Opeth are one of the most revered progressive death metal bands in the entire progressive world. Since the mid-90s, the band has gotten progressively more.. well' progressive in their approach to the genre. With the groundbreaking Still Life, they amazed the community with their truly innovative style and willingness to bend the rules of metal. With each consecutive release, the band developed their sound into one of the most mature death metal acts out there. When they released their 2002 album Deliverance, Mikael Akerfeldt had the idea of doubling the metal-laden album with a near metal-less album the following year (without the consent of his band mates). The result was the sublime Damnation in 2003. The album, full of incredible mellow melodies and jazz inspired and appropriate rhythmic qualities, was a stark departure from their normal style, yet it seemed appropriate for the direction they were headed. Overall, the album is a beautiful representation of this band's potential.

From a band so well known for their inventive metallic output, it's often difficult to believe such a mellow, melodic album came from the same band. The songs, consisting of clean guitar riffs, jazzy rhythmic backings, and a strong bass line accented by various keyboard textures contributed by none other than the revered Steven Wilson of Porcupine Tree fame. The whole atmosphere of the music is truly incredible ' Akerfeldt composes melodies to compliment dark lyrics and themes, with the jazz inspired rhythmic work of Martin Lopez carrying the gentle guitar work along paths of melodic grace, traversing into the airwaves with the conjuration of a simple wisp of musical beauty. This music is truly special. Wilson's accurate use of the mellotron, Rhodes, and other keyboard textures adds to this almost dissonant ambience, filling in the gaps between the band's playing, the vocal melodies, and the harmonic dissonance. This ingenious and minimalistic keyboard work really adds to the music beautifully.

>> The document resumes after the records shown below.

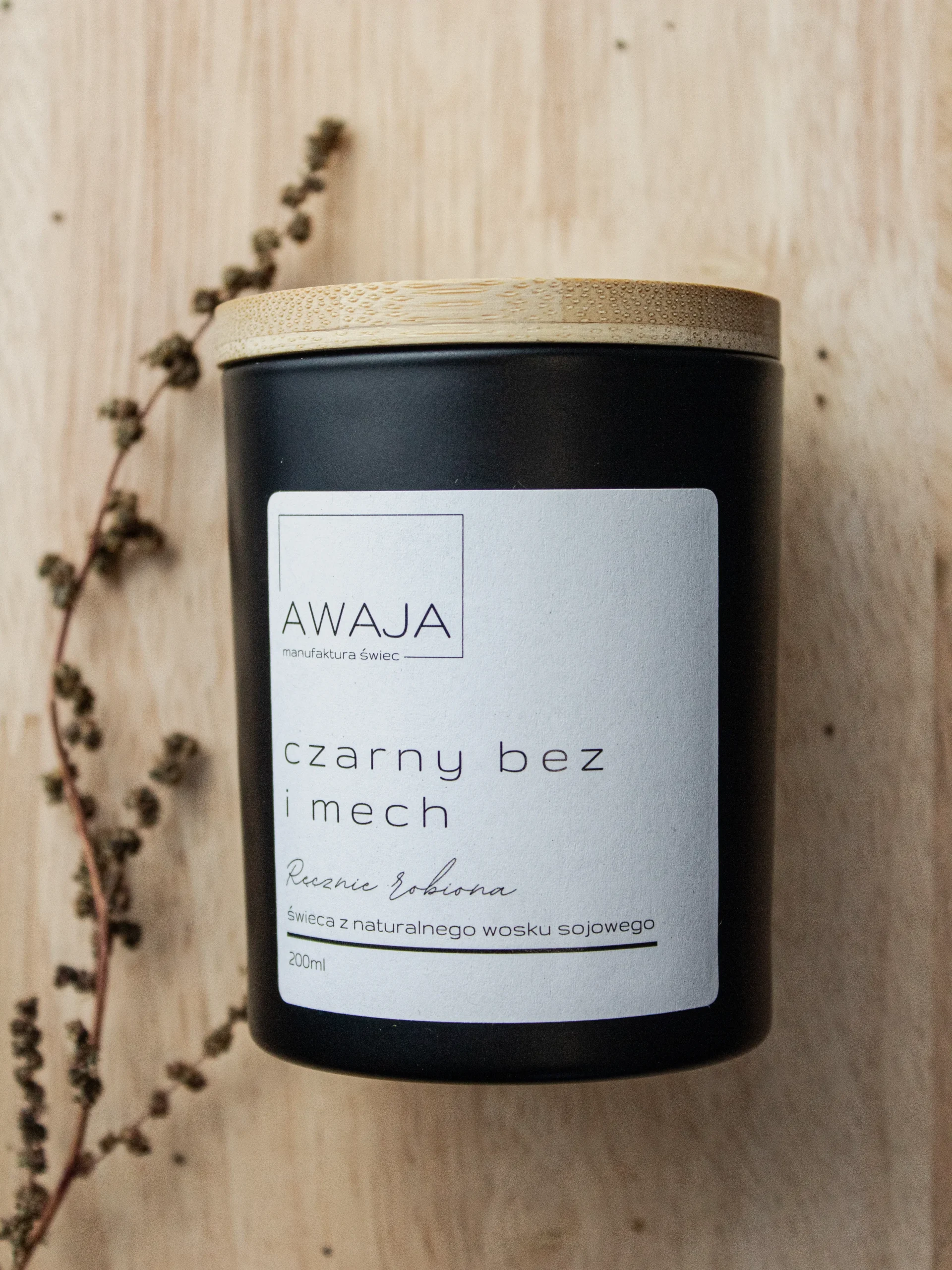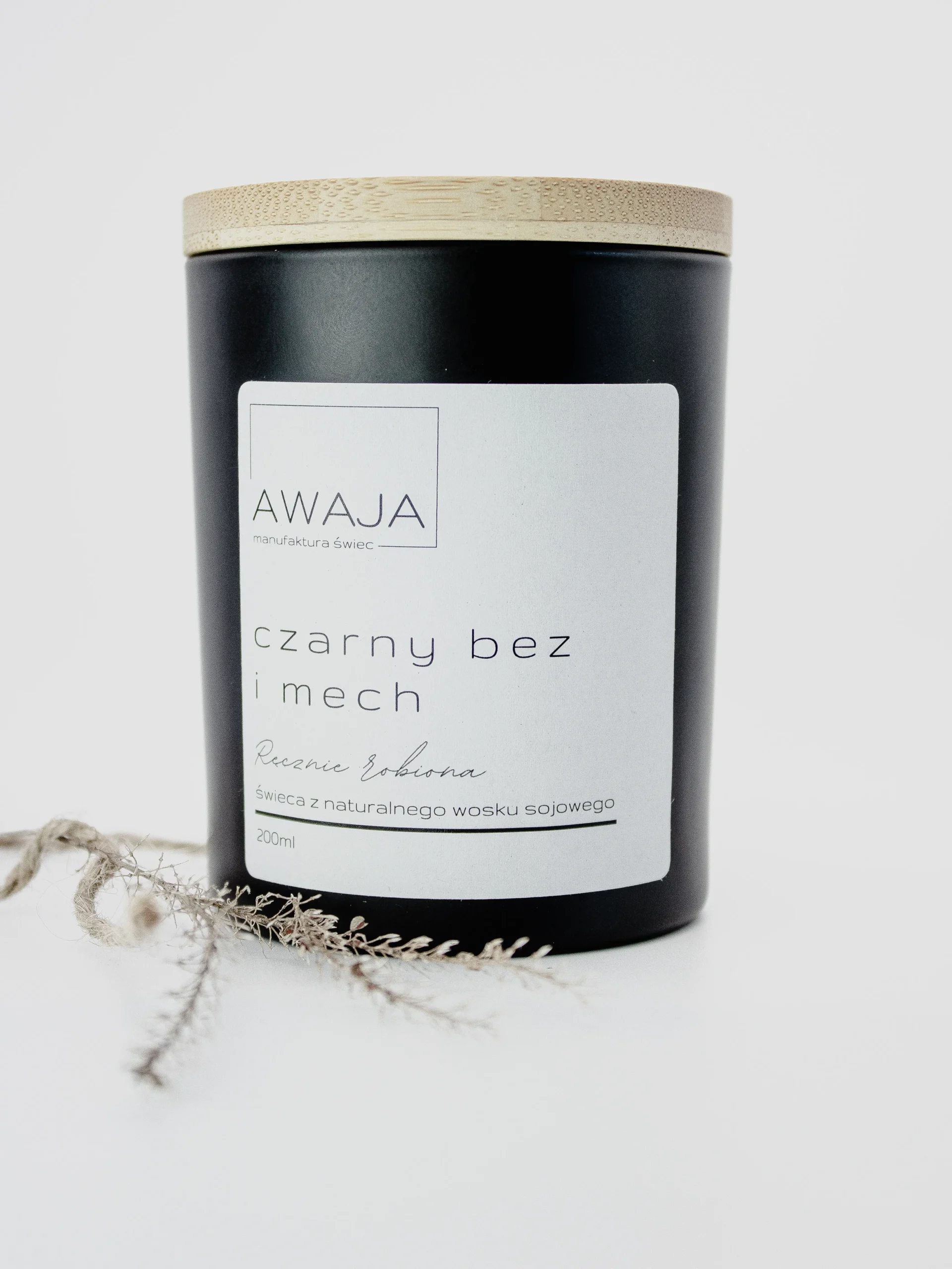 Ręcznie robiona świeca sojowa o zapachu czarnego bzu i mchu
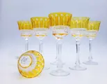 Maison Tatiana, 7 amberkleurige rode wijnglazen in geslepen, gebeiteld, mondgeblazen kristal Vintage van het beroemde huis Fabergé, model; Keizerlijke collectie Xenia.
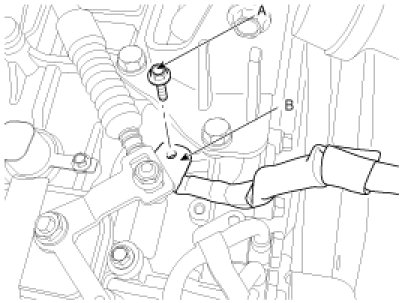 7. Remove the automatic transaxle upper mounting bolt (A-2ea) and the starter motor mounting bolt (B-2ea).
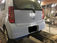 スズキアルトワークスのサビ修理(板金塗装)ご依頼をいただきました。 左リアフェンダーのアーチ部分にサビが浮き出てきています。 まずは、、、作業中にリアバンパーを傷つけてしまわないよう、部分的に外してリ
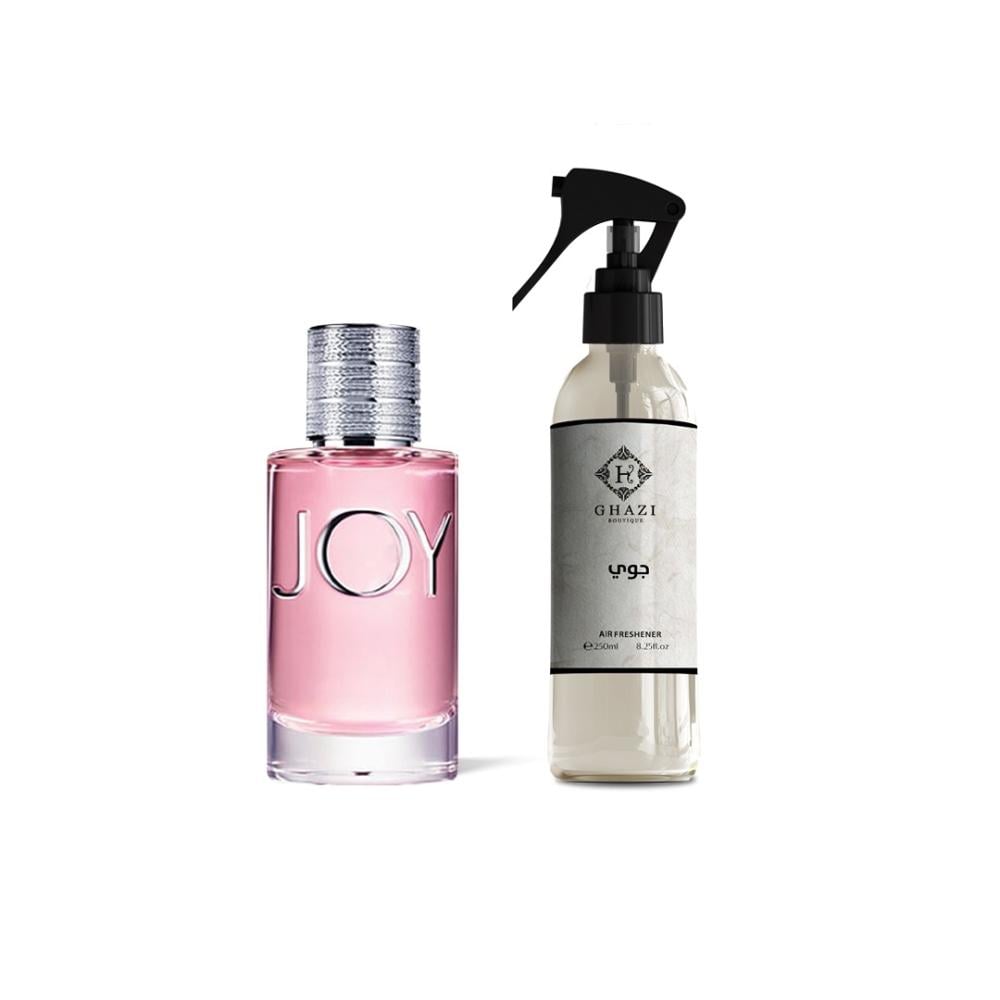 معطر الجو جوي – غازي بوتيكمستوحى من عطر Joy. رذاذ مفارش زهورية منعشة ممزوجة بلمسات فخمة، ينشر البهجة في كل زاوية. ثابت وطويل الأمد، ريحته تعلّق بالسجاد والستائر وتخلي الجو مليان طاقة إيجابية.
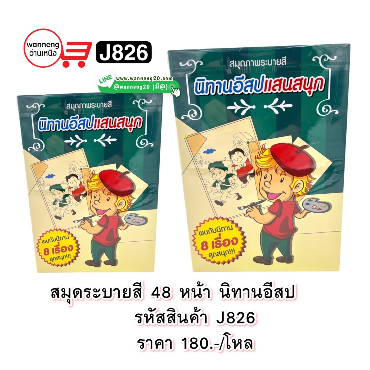 J826 สมุดระบายสี 48 หน้า นิทานอีสป 1 โหล

In the end, I must profess my love for this album. It's essentially perfect. It may not be a 'masterpiece' in PA terms, but this album is still damn good. Full of infectious yet highly progressive melodies, inventive playing, composing, and drumming, the whole album is brimming with a sense of vigor and life, yet is easily the band's gloomier and doomier album. Naming this album's genre would be difficult, for it's almost composed entirely of 70s progressive influences, contains no real metal, yet still has that melodeath twinge of Opethian fame and a slightly doom metal edge going on. However, the album is still a spectacular display of this band's might. It's really incredible that this four piece (five including Wilson) has crafted such a magnificent work of art. Overall, this album is truly spectacular. 4+ stars.